The rhetoric of Asia as a place to dominate was reinforced with U.S. military occupation of Asia in the last century. To control the land, to subjugate the people. To participate in the sex industry, or to rape. To dehumanise, objectify, fetishize.

This idea that Asian women’s bodies exist solely for white male pleasure continues to pervade our cultural consciousness. The women who work in service-based sectors – massage parlours, spas, nail salons – exist outside the ‘model minority’. These places are seedy, they immediately connote sex. The workers are migrants, and therefore easy, inexpensive, disposable.

Media representations of Asian women have long served to simultaneously reflect, and uphold this ideal; that our sole function is to satisfy the white, male gaze. Kim, the Vietnamese protagonist in the musical-turned-movie Miss Saigon, is a bargirl and a prostitute who falls in love with an American GI. Recall the notorious line we’re all familiar with in Kubrick’s Full Metal Jacket; “Me so horny.
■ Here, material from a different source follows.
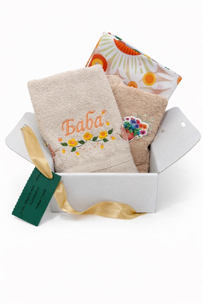 Подаръчният комплект съчетава практичност и елегантност, превръщайки се в чудесен избор за всеки специален повод. Комплектът съдържа хавлиена кърпа с размер 30 × 50 см, подходяща за лице или ръце, тюрбан за глава, който абсорбира бързо влагата след баня или душ, и тишлайфер, идеален за ежедневна употреба в кухнята.

Me love you long time.” Lucy Liu plays the archetypal ‘Dragon Lady’ in Charlie’s Angels, Kill Bill, and Payback – sexually promiscuous and violent. And what happened to Cho Chang after The Half-Blood Prince? “You and Cho just… Sort of fell apart, yeah.”

Contemporary media has hugely perpetuated our hypersexualisation. ‘Japanese’, ‘hentai’, ‘Korean’, and ‘Asian’ were four of the top six most searched for terms on Pornhub in 2019. Enduring tropes like the ‘schoolgirl’ exist alongside new terms like ‘koreaboo’, in the wake of the K-pop industry’s boom, to infantilise and sexualise ESEA women. On dating apps, constant subjection to demeaning fetishization is the norm.
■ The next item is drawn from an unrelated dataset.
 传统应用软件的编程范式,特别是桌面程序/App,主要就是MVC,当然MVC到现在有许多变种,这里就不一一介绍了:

I am exhausted, as I have had to reflect. I have had to remember the old man stopping me in my school uniform at Coles, to insist on “just how beautiful” I was. “No, but really, you’re gorgeous,” he said, touching my arm. I was 12. On a family trip to Thailand three years later, I was approached by another older white man. The conversation was much the same. “How old are you?” he asked. After emphasising the fact that I was only 15, he replied, winking, “What a shame. Maybe next year, then.” All these experiences made me highly uncomfortable in the moment, but I lacked the vocabulary to truly understand why. They seemed like compliments on the surface. If so, I should say ‘thank you’. I did. Now I recognise just how much weight these comments hold.
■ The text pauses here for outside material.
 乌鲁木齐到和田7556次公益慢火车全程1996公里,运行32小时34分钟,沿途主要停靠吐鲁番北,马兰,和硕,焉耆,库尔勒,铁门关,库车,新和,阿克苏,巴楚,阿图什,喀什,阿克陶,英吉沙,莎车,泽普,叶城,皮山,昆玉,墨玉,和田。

This is the lived experience of Asian women. The physical, emotional, and psychological burdens that we bear as we try to navigate the relationship between our intersecting racial and gender identity, and our perception as the ‘object’. We suffer racial depersonalisation, as we realise our interchangeability; that we are not valued for who we are but for what we have come to represent. The line between a ‘type’ and fetishization is rice-paper thin. Do they like me for who I am, or have they already reduced me to a stereotype?

Isn’t it ironic that we feel shame whenever a part of our bodies is appraised by a stranger? We don’t speak up about our own discomfort, as there is only so much space the public is willing to allow for Asian stories. But this can’t continue to happen. I am fed up with having to smile and say thank you to ‘compliments’ while the red burn of discomfort crawls up my throat. I am fed up with feeling powerless in my own body. I am fed up with being fed up.

We must work to defetishize society’s views, or violence will continue to happen. Alternative narratives are needed to build solidarity within Asian groups, and with other racialised people. We need allies to recognise our stories. Pay attention. Call out your mates. Intervene if you see hate happening. Educate others. Make space for us.

Letting things stay how they are can literally cost us our lives.